## GOAL OF THE EXERCISE
Report back each line of the data that contains the word "Benagéber".

## Records from a collection
============

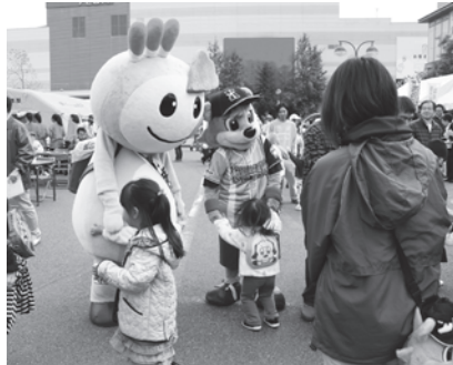
昨年のしんかま秋まつり&消防広場
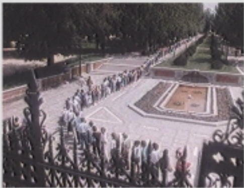
GRAN PREMIO DEL FESTIVAL 1988
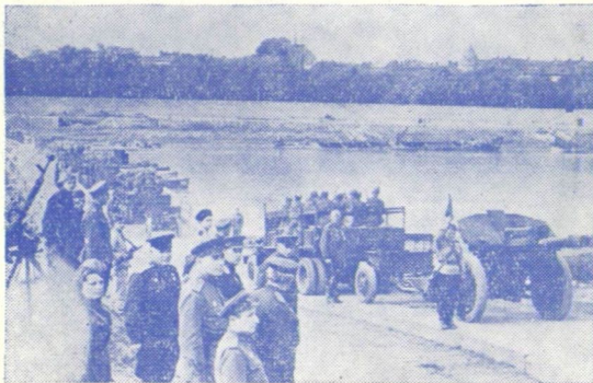
A FÖLSZABADÍTÓK ELSŐ OSZLOPA
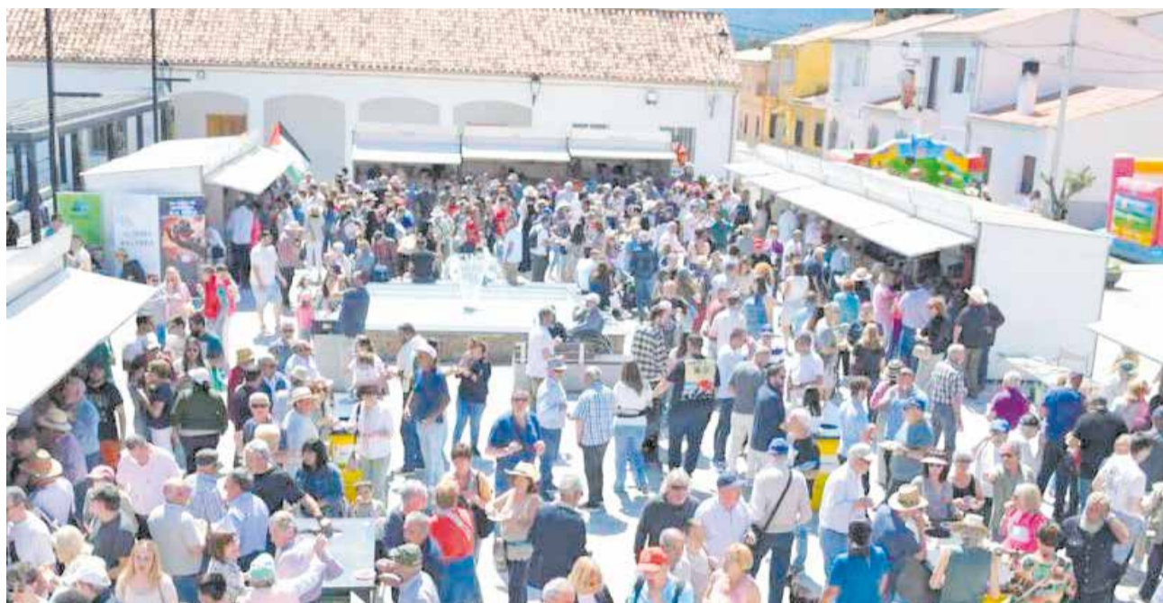
La plaza de Benagéber, abarrotada en una edición anterior de la Feria de los Pueblos Amigos.

La cita tendrá lugar el próximo sábado 9 de mayo y reunirá a numerosos municipios participantes, entre ellos San Antonio de Benagéber, San Isidro de Benagéber, Tuéjar, Sinarcas, Lliria, Requena o Buñol, además de entidades como la Reserva de la Biosfera del Alto Turia y la Comisión de Fiestas de Benagéber.

============

## OUTPUT BELOW
La plaza de Benagéber, abarrotada en una edición anterior de la Feria de los Pueblos Amigos.
La cita tendrá lugar el próximo sábado 9 de mayo y reunirá a numerosos municipios participantes, entre ellos San Antonio de Benagéber, San Isidro de Benagéber, Tuéjar, Sinarcas, Lliria, Requena o Buñol, además de entidades como la Reserva de la Biosfera del Alto Turia y la Comisión de Fiestas de Benagéber.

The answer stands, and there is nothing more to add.